The government alleged that Schulte downloaded Tails, a program to secretly transmit data and also purchased an SATA adapter to help him transmit data between hard drives outside of his computer.
A week later, he downloaded a program called DBAN, “something to nuke his computer,” and then reformatted his computer the following week the government alleged.
“The reason he does that is because he wants to try to make sure that there is nothing that can come back to him, nothing that he did during that time — no evidence — will be left over,” Laroche said in closing arguments.
Schulte’s subsequent search history showed that he repeatedly checked WikiLeaks in the ensuing months and became “obsessed” with finding out if his leaked cache of documents had been published, prosecutors said at trial.
Schulte’s defense attorney Sabrina Shroff insisted that Schulte was wrongly accused by an agency that needed a scapegoat for a leak that exposed the truth about their vulnerable security network.
In her closing arguments last Monday, Shroff said that prior to WikiLeaks’ publication of the Vault 7 documents, “the CIA had no idea that its crown jewels had been stolen” a year earlier.
Shroff said the government’s failed to show beyond reasonable doubt that Schulte was the culprit of the leak and instead highlighted distressing security lapses within the intelligence agency. “The government cannot tell you which of the many people with access to this data” stole the classified archive,” Shroff said. “It wasn’t Mr. Schulte who did this.”

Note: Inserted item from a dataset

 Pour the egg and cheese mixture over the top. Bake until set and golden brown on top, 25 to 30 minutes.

Shroff was appointed counsel in March 2018 when Schulte’s previous attorneys withdrew from the case.
The jury began deliberations last Monday.
On Thursday, U.S. District Judge Crotty dismissed a juror who was found to have had prior knowledge about Schulte. The judge decided that deliberations would continue with the remaining 11 jurors.

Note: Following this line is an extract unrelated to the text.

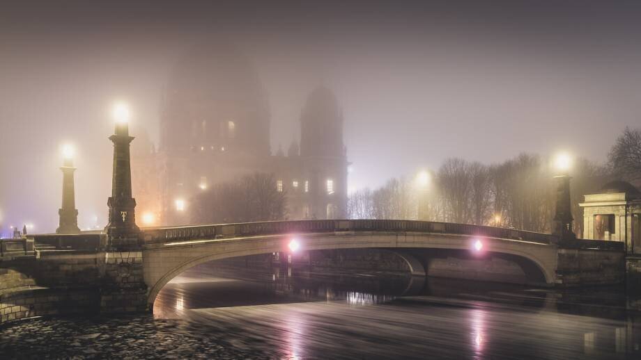 Keywords : Berlin, Germany, apartment block, architecture, bridge, building, cathedral, dome, fog, ice, ice, mist, mist, night, photography, religion, river, river, winter

The jury sent a note Friday afternoon telling the court that they were “aligned on two counts” but were “at an impasse on the remaining counts.”
The jury sent more than 20 notes over the course of deliberations.
Schulte will be tried separately in Southern District of New York for the child-pornography charges, which carry a 20-year maximum sentence.
He also still faces the sexual assault charges in Loudoun County, Virginia, premised on several photographs recovered from his cellphone after the August 2017 arrest.
The photos show a woman who used to be Schulte’s roommate in Sterling, Virginia, in an unconscious state being sexually assaulted by the hands of an unknown individual.